The idea was to improve the first five rows by grafting blight resistant
chestnuts, while leaving the other 10 rows to grow wild, as they do in
forest clearings and edges, to demonstrate the difference, with blight
resistant American chestnuts growing beside American chestnuts that have
no blight resistance.
Many
trees had already been lost in the no-resistance rows, and those remaining
were multi-stemmed, with many dead trunks of increasingly larger sizes.
Continuous cycles of blight and death produces hypovirulence
in the blight fungus. The combination of hypovirulence
with the ever-increasing root systems permitted these chestnuts to make
trunks up to eight inches in diameter before the blight killed them. They
gave large annual nut crops which we sent out to nut grafters or as gifts
to be eaten, for as long as we were able to gather this harvest. Not many
years passed before all the invasive species had returned and once again
we abandoned these ten rows. It was too much work, at the bottom of a very
long list. We let the animals have those chestnuts.
Meanwhile,
the five managed rows became a great asset to our breeding program.
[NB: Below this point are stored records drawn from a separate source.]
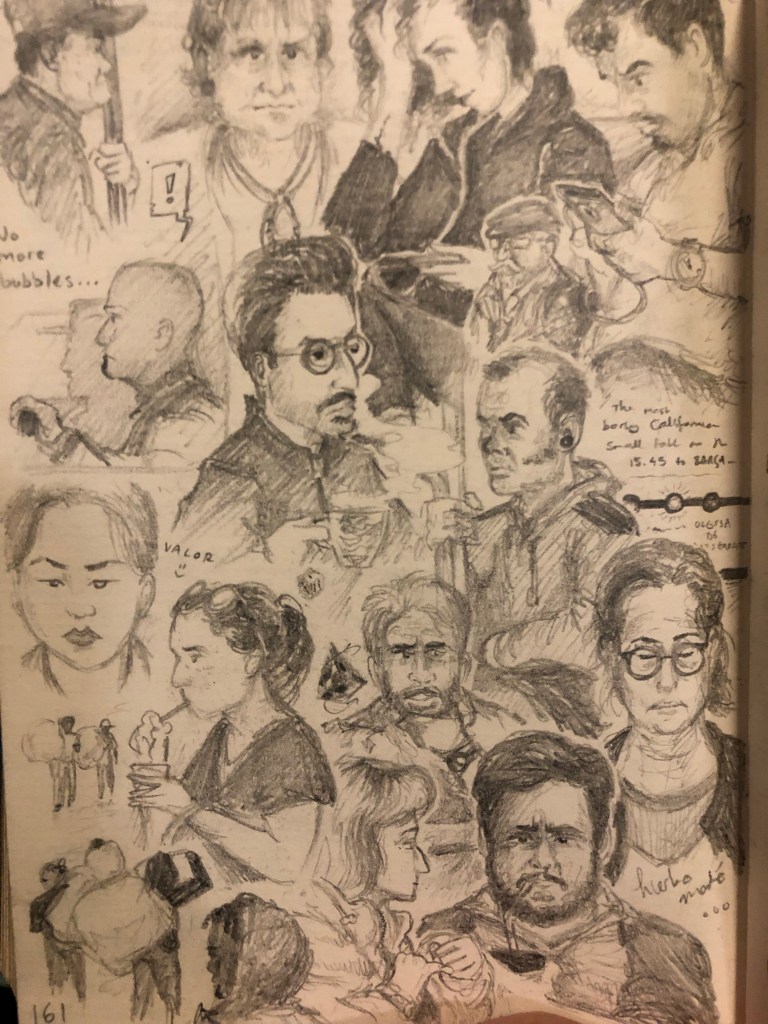 I got the train up to London today with a view to getting my hands on a decent pair of shoes, since I’m told the Italians can be a little snobbish when it comes to standards of dress. With the Northern Line under repairs, it took a little longer to get up to Bloomsbury, so I took a leisurely ride on the Circle Line from Blackfriars and indulged in a favourite pastime: sketching commuters on the Underground. There’s an art to it (no pun intended) – you’ve got to be quick, since most of them only travel a few stops before getting off. And now that face masks are a minority affair, it’s a lot more enjoyable a practice than it was.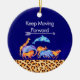Ein Ornament mit einem motivierend Zitat, das lautet: Behalt vorwärts zu gehen. Entworfen mit einem digitalen Aquarellbild einer Herde wilder Tiere, die zusammen laufen. Zu den Tieren zählen ein springender Delphin, eine Giraffe, Elefant, Känguru, Nashorn, Löwe und Leopard. Ein weißer Pfeil unter dem Text.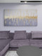 Es una obra que captura la esencia de un amanecer imaginario a través de la abstracción. La composición presenta una fusión de líneas doradas que caen sobre un tranquilo fondo púrpura, como si fueran los primeros rayos del sol iluminando el cielo al amanecer. La textura y el brillo del oro aportan un dinamismo que contrasta con la calma del tono púrpura, simbolizando la luz que se abre paso a través de la oscuridad, y sugiriendo un nuevo comienzo lleno de esperanza y posibilidades.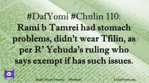 Chulin, DafYomi #DafYomi #Chulin 110 Date: March 19, 2019Author: ysspitz #DafYomi #Chulin 110: Rami b Tamrei had stomach problems, didn’t wear Tfilin, as per R’ Yehuda’s ruling who says exempt if has such issues. Share this: Share on X (Opens in new window) X Share on Facebook (Opens in new window) Facebook Like Loading... Related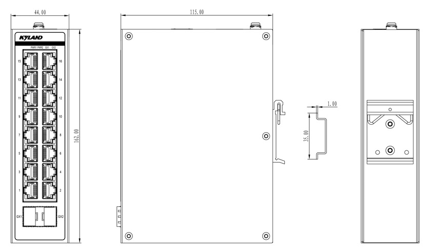 機(jī)械結(jié)構(gòu) | 外殼 金屬材質(zhì) 散熱方式 自然冷卻,無風(fēng)扇 防護(hù)等級 IP40 尺寸 44mm×162mm×115mm (W×H×D) 重量 0.5Kg 安裝方式 DIN卡軌式或壁掛式 |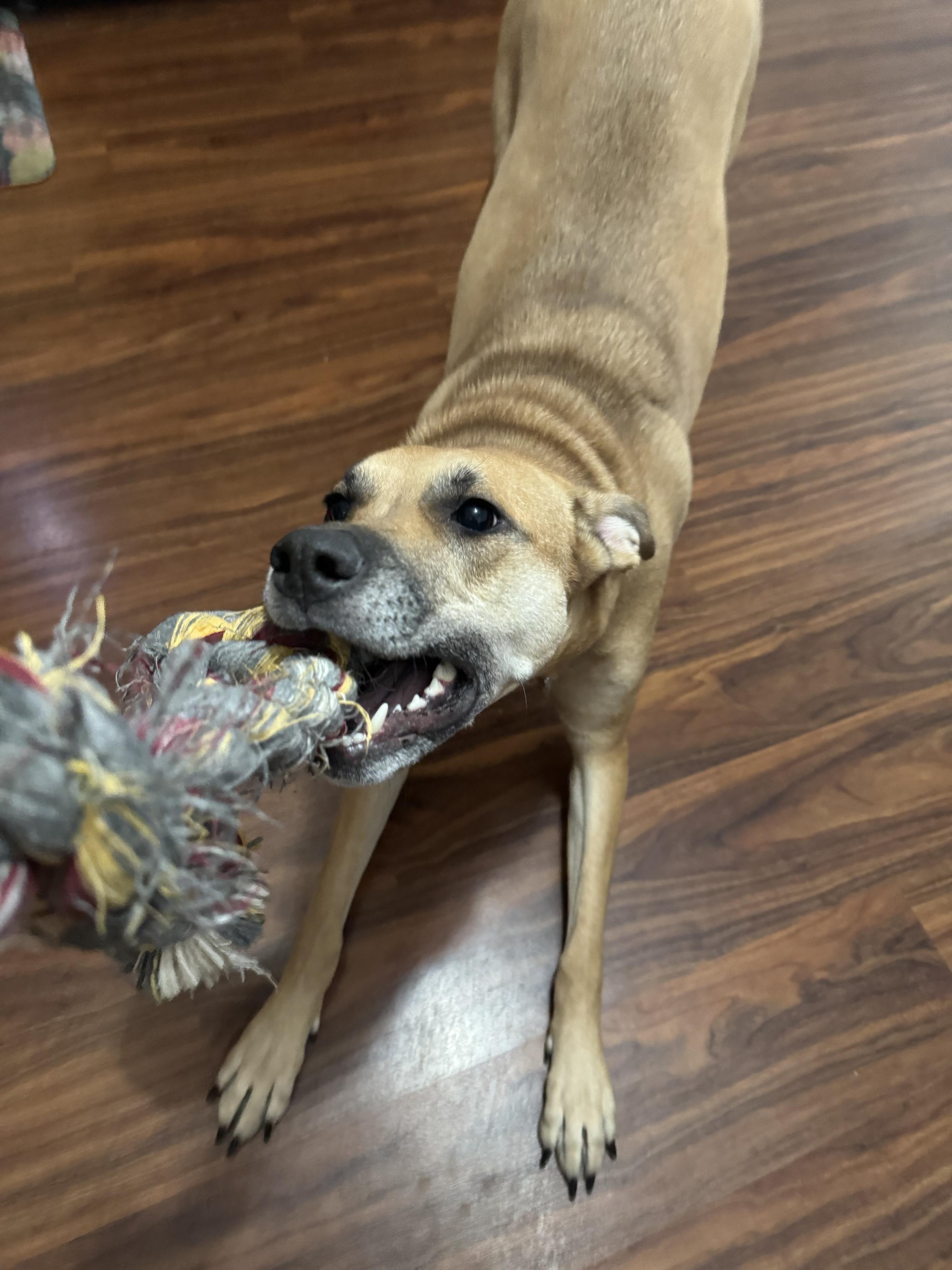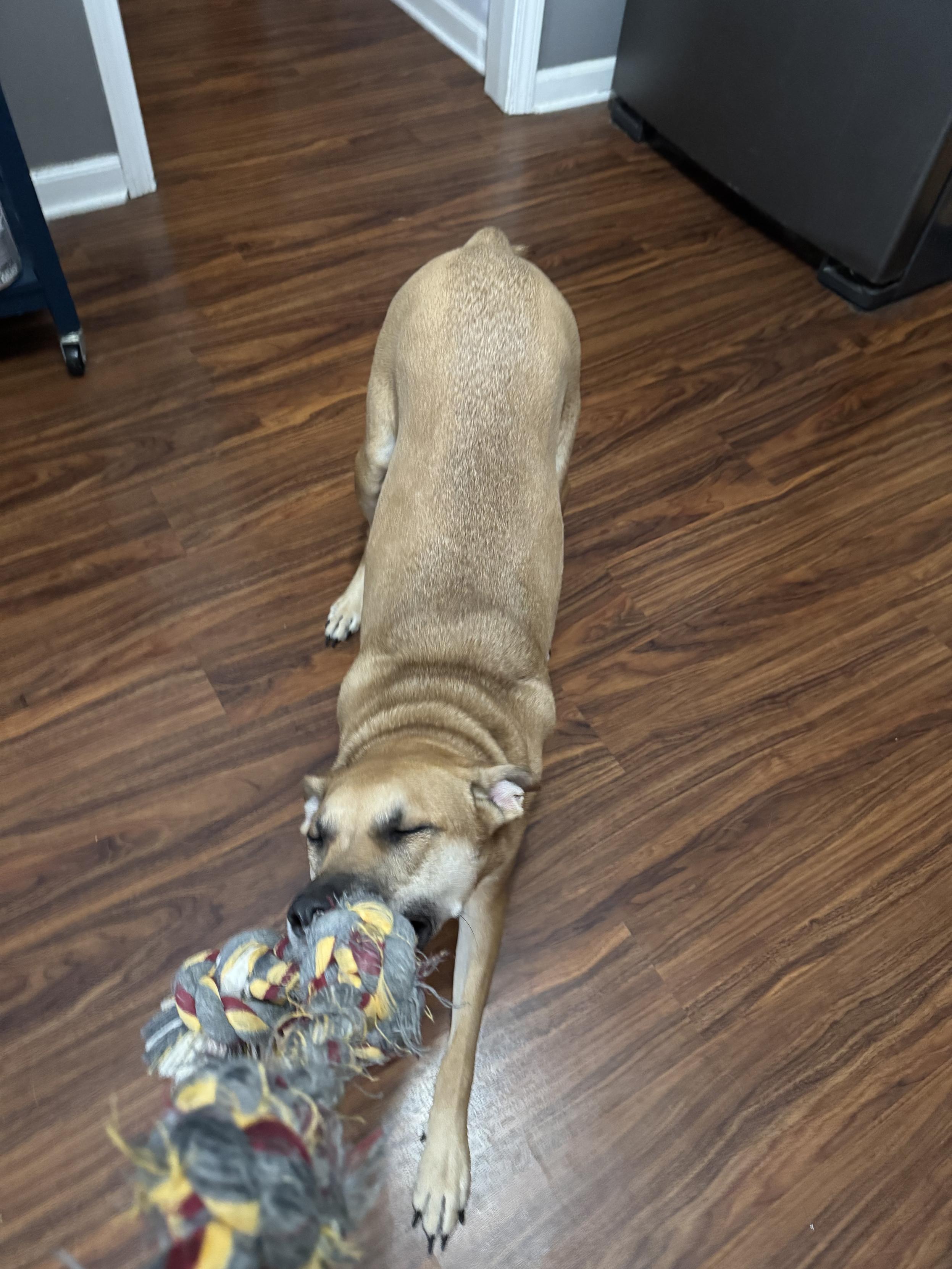 When you play rope with a dog and they go play pose. Like if you agree.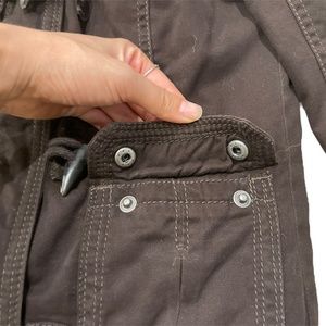 Thick winter jacket. Brown shell with red lining. Missing zipper hood attachment. Inside is warm. Zipper along with clasp for jacket closure. Furry detail along the neck. Button-close for the wrist. 2 front pockets that are snap button. Shell 100% cotton. Body lining 100% cotton.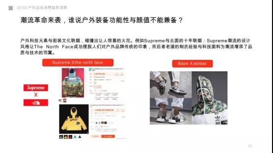 与男性注重功能性不同,女性在挑选装备时会考虑款式、色彩。各大品牌在户外产品的设计、款式和科技含量上已经不再只考量产品的单一功能性,还融入了更多时尚元素。《2019户外运动消费趋势洞察》显示,户外运动品牌与潮流服饰联姻成为近年来户外运动发展的一大特征。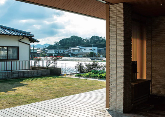 右:軒先とウッドデッキがつくる平行線は絶妙の美しさ。遠くには緑豊かな山の姿を望みます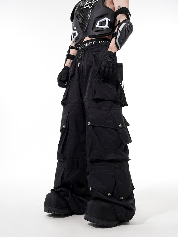 3D Multi-Pocket Utility Wide-Leg Cargo Pants WN14892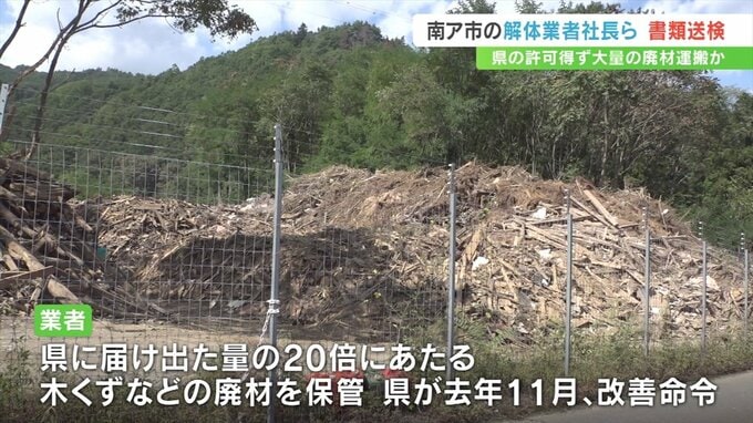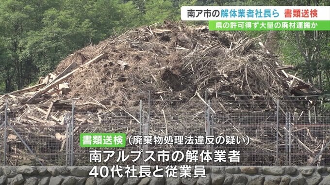 山梨県の許可を得ず大量の廃材を運搬していたとして警察は南アルプス市の会社社長らを書類送検しました。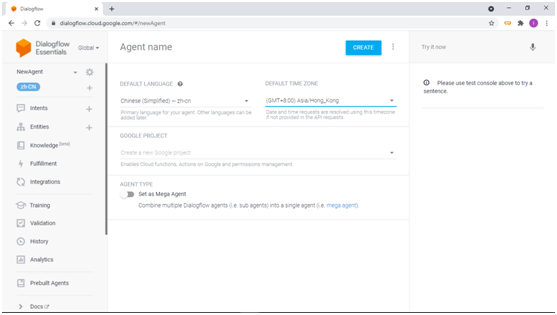 (2) 单击Create Agent按钮,打开如图8-4所示代理创建页面,选择默认语言、默认时区,并选中创建新项目,然后单击CREATE按钮,生成一个新的代理。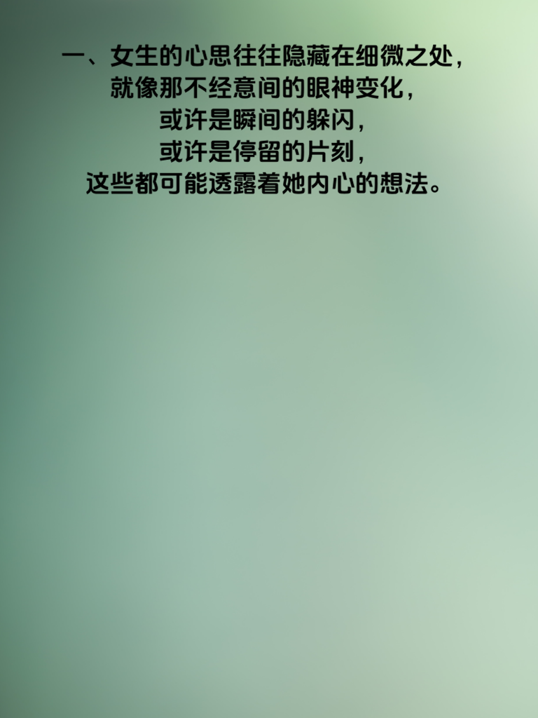 一、女生的心思往往隐藏在细微之处,就像那不经意间的眼神变化,或许是瞬间的躲闪,或许是停留的片刻,这些都可能透露着她内心的想法。 二、当她对你的态度突然变得有些冷淡,不再像从前那样热情洋溢,这可能是她内心在经历着某种挣扎,需要你去细心察觉。 三、她说话的语气也会透露出一些端倪,原本欢快的语调变得低沉,或者偶尔的停顿,都可能意味着她心中有了别样的情绪。 四、留意她的行为举止,比如突然开始整理自己的衣服,或者频繁地摆弄手中的物品,这些细微的动作也许是她在掩饰自己的不安或者期待。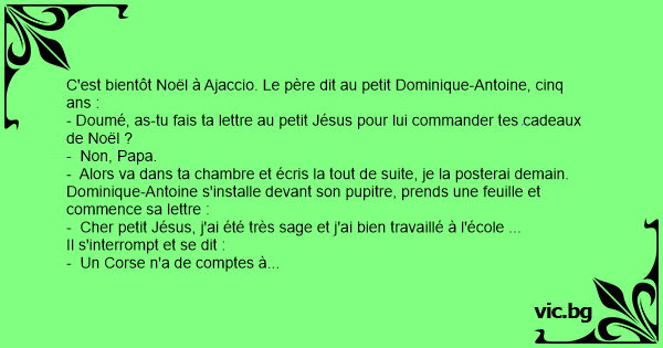 C'est bientôt Noël à Ajaccio. Le père dit au petit Dominique-Antoine, cinq ans : - Doumé, as-tu fais ta lettre au petit Jésus pour lui commander tes cadeaux de Noël ? - Non, Papa. - Alors va dans ta chambre et écris la tout de suite, je la posterai demain. Dominique-Antoine s'installe devant son pupitre, prends une feuille et commence sa lettre : - Cher petit Jésus, j'ai été très sage et j'ai bien travaillé à l'école ... Il s'interrompt et se dit : - Un Corse n'a de comptes à rendre à personne, surtout à quelqu'un qu'on ne connaît pas! Il déchire la lettre et recommence sur une autre feuille : - Petit Jésus, pour Noël, je veux ... Il s'arrête à nouveau. - Je le connais pas, il ne me connaît pas, qu'est-ce qui prouve que j'aurais ce que je veux, se dit-il ? Alors, le petit Dominique-Antoine va chercher la statue de la Sаinте Vierge sur sa table de nuit, la roule dans un journal, la ficelle et la glisse sous son matelas. Il reprend une feuille et écrit : - Petit Jésus, si tu veux revoir ta mère...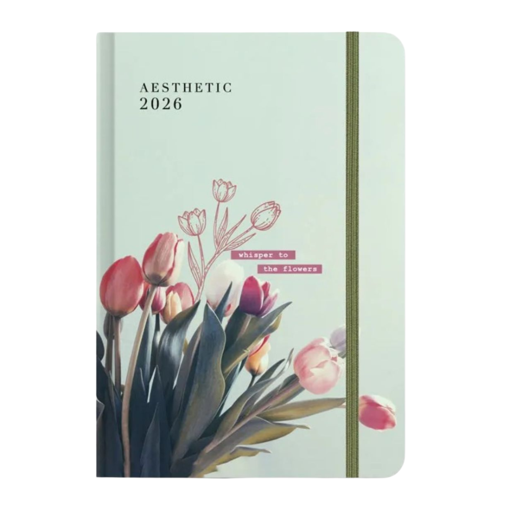 Το αισθητικό ημερολόγιο 2026 με τουλίπες συνδυάζει λειτουργικότητα και τέχνη. Το ρομαντικό εξώφυλλο με ροζ τουλίπες και το εμπνευσμένο μήνυμα "whisper to the flowers" δημιουργεί ποιητική ατμόσφαιρα. Ιδανικό για οργάνωση με στυλ, προσφέρει χώρο για σημειώσεις και όνειρα.

Miles
and Ruth, growing in the steeply sloping Martin American Chestnut Planting
up on Salt Pond Mountain, first selections from our first generation of
breeding, were making flowers high in the crown, out of reach. We grafted
their scions alternately, in the first two rows, and about 10 grew very
rapidly in the rich soil, in full sun. By 2002, using low branches we made
second-generation intercrosses (planted in the Lesesne)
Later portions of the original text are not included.